In a razor-thin vote of 215-214 largely along party lines, the House of Representatives approved President Donald Trump's comprehensive tax reform legislation on Thursday. The bill, officially titled the "One Big Beautiful Bill Act," will now advance to the Senate for consideration.

Pharmaceutical Industry Impacts

The legislation contains several provisions affecting the pharmaceutical sector, particularly regarding drug pricing and market dynamics. Notably, the bill modifies aspects of the Biden administration's drug price negotiation program established under the Inflation Reduction Act (IRA).
One key change exempts orphan drugs approved for multiple rare diseases from the government's price negotiation process. If enacted, this modification would take effect in 2028, potentially benefiting pharmaceutical companies with diversified rare disease portfolios.
The legislation also addresses pharmacy benefit managers (PBMs) by prohibiting "spread-pricing" practices. This common industry tactic involves PBMs charging payers like Medicare more for medications than they reimburse to dispensing pharmacies, pocketing the difference as profit.

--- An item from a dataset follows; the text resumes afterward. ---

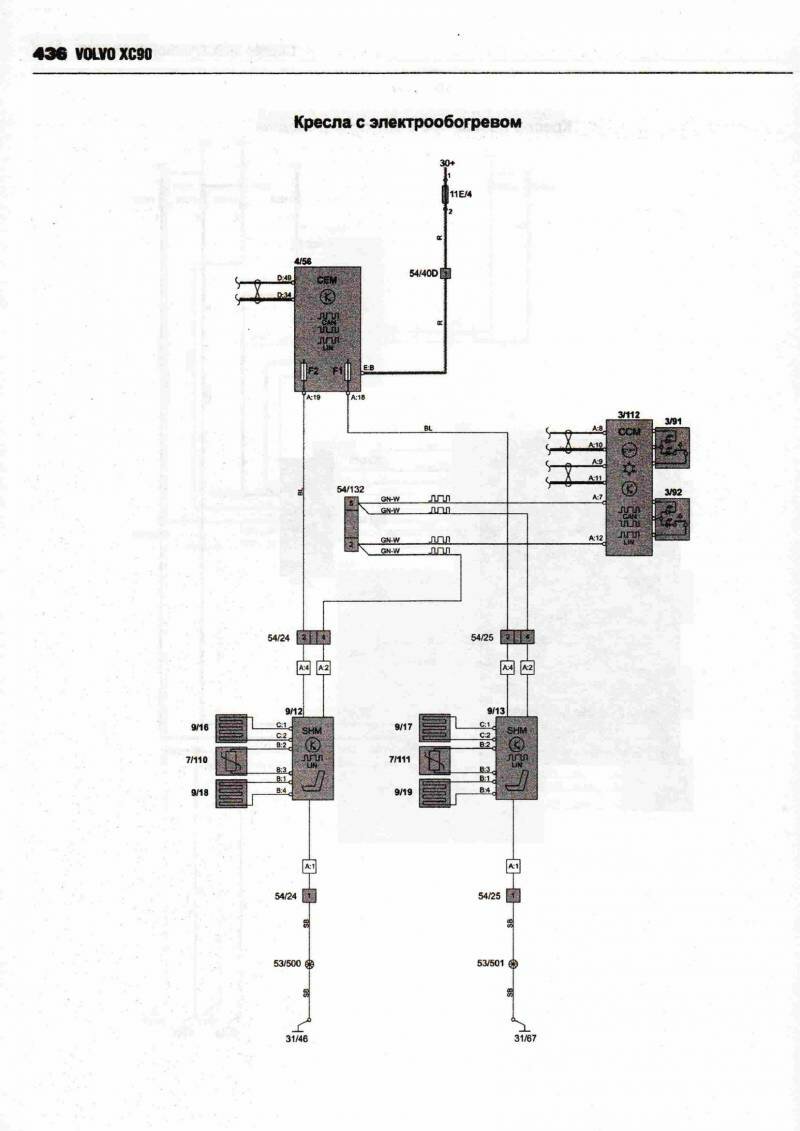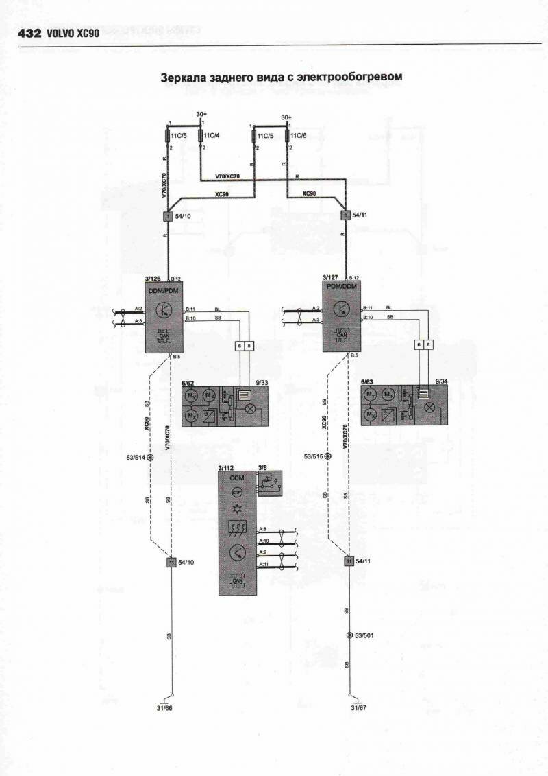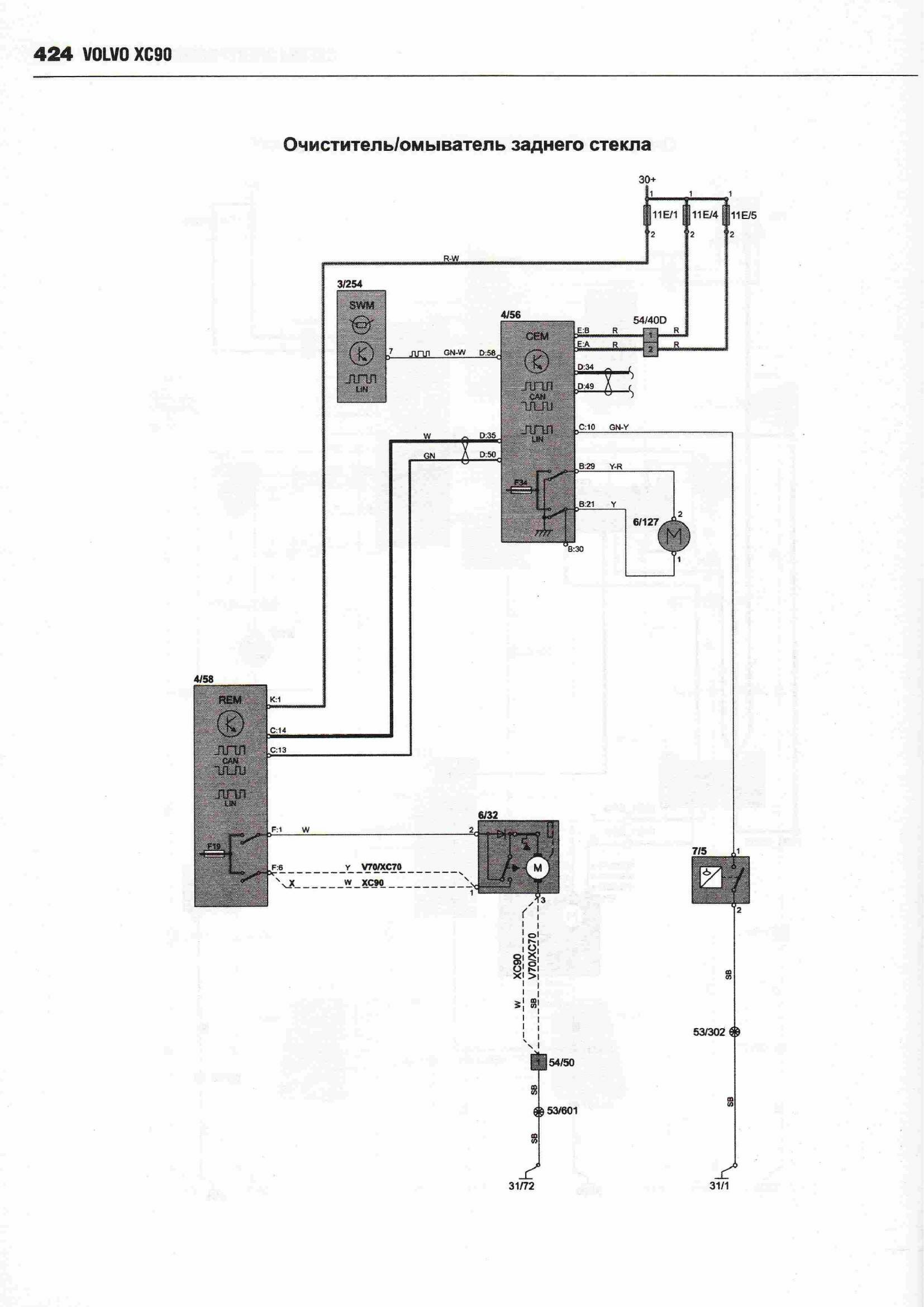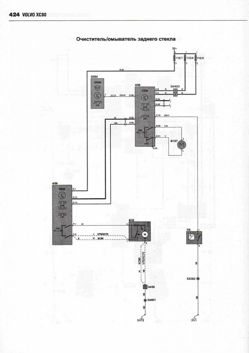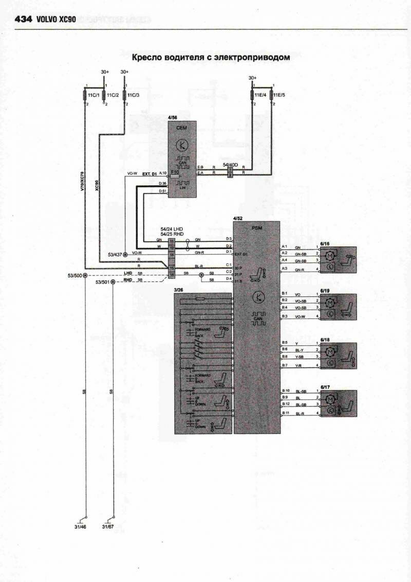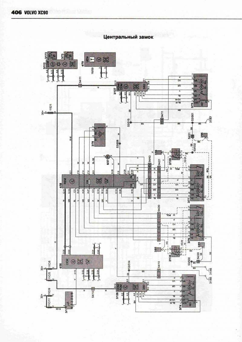Принципиальные схемы электрооборудования автомобиля ВОЛЬВО ХС 90 с 2002 (двигатели типов бензин 2,5, 2,9, 3,2, 4,4 л и дизель 2,4). Начало сборника схем данного авто находится здесь. А тут вы можете посмотреть схемы фар и блока предохранителей. В Volvo 90 были разработаны активные биксеноновые фары, способные следовать направлению поворота автомобиля. Такие фары значительно повышают видимость в темное время. Процессор получает данные о различных параметрах движения автомобиля, проводит их анализ и настраивает систему для оптимального освещения дороги. Фары могут поворачиваться под углом до 15 градусов в каждом направлении, таким образом, общий диапазон поворота составляет 30 градусов. Это позволяет лучше и дальше освещать дорогу. Во избежание износа системы в дневное время функция поворота фар автоматически отключается. Ещё предлагается установка камеры для облегчения парковки. Это устройство, цель которого предотвратить наезд на людей при движении задним ходом и облегчить процесс парковки. Камера с большим углом охвата показывает зону сзади автомобиля. Причем система не только позволяет водителю видеть, что происходит сзади автомобиля, но она еще показывает планируемую траекторию движения задним ходом. Изображение выводится на экран навигационной системы, размещенный поверх панели приборов. Угол поля изображения охватывает всю зону за автомобилем, при этом обеспечивается минимальное искажение изображения. На экран выводятся вспомогательные линии, которыми обозначен периметр предполагаемой парковки после завершения требуемых маневров. Эти линии изменяются в зависимости от вращения рулевого колеса, помогая водителю сделать правильный выбор. Камера полностью интегрирована с системами авто.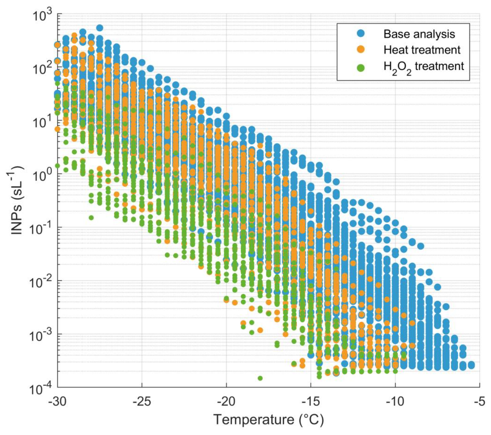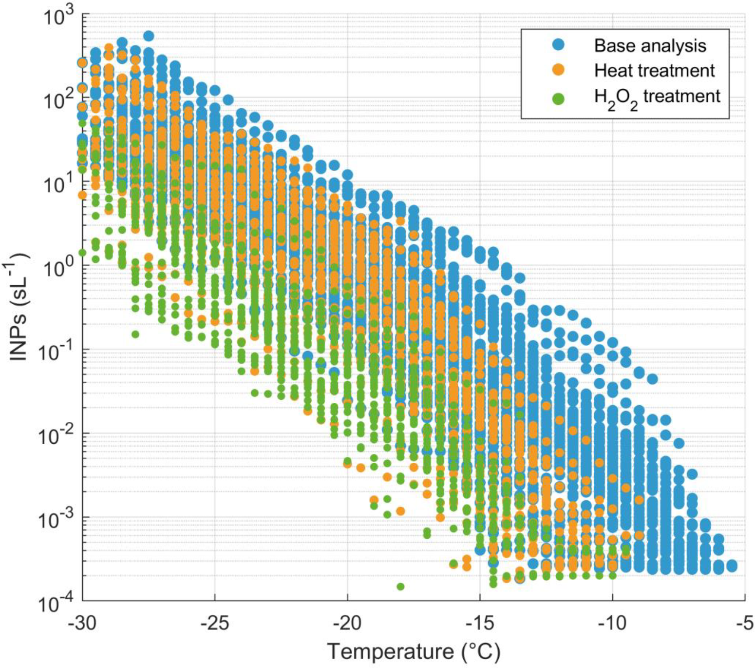 Figure 7Comparison of INP temperature spectra from base (untreated), heat-treated, and H2O2-treated analyses.

Pill Penalty Remains Unchanged

Despite expectations to the contrary, the bill does not address the controversial "pill penalty" - the significant disparity in negotiation exclusion periods between small-molecule drugs (typically pills) and biologics under the IRA. President Trump had previously signaled support for eliminating this disparity through an executive order issued last month.
The current framework provides biologics with 13 years of market exclusivity before being subject to government price negotiations, while small-molecule drugs receive only 9 years. This discrepancy has been criticized for potentially discouraging investment in traditional pill-based medications.
All House Democrats and two Republicans voted against the tax bill.

MAHA Report Released

Concurrent with the House vote, the White House published its nearly 70-page "Make America Healthy Again" (MAHA) report outlining health policy priorities for the Department of Health and Human Services. The document focuses heavily on addressing what it terms a "childhood chronic disease crisis."
The report takes aim at what it describes as the "overmedicalization" of children, expressing concern about medication overprescription and attributing this trend to "conflicts of interest in medical research, regulation, and practice."

Pharmaceutical Industry Scrutiny

The MAHA report specifically targets the pharmaceutical industry's influence on regulatory bodies, describing a "corporate capture and revolving door" dynamic within U.S. health systems. It notes that from 1998 to 2018, the pharmaceutical industry outspent all other sectors on federal lobbying.
"We must face the troubling reality that the threats to American childhood have been exacerbated by perverse incentives that impact the regulatory bodies and federal agencies tasked with overseeing them," the report states.

Vaccine Schedule Concerns

The report also raises questions about the "growth of the childhood vaccine schedule." While acknowledging that immunizations protect children from infectious diseases, it suggests that potential side effects "must be balanced against their benefits."

Proposed Initiatives

To address these concerns, the MAHA report recommends establishing enhanced post-marketing surveillance mechanisms to monitor real-world safety outcomes. It also advocates for studies examining "long-term neurodevelopmental and metabolic outcomes" associated with commonly prescribed pediatric medications.
As the tax bill moves to the Senate, healthcare stakeholders will be watching closely to see if additional pharmaceutical provisions, particularly regarding the pill penalty, might be introduced during further deliberations.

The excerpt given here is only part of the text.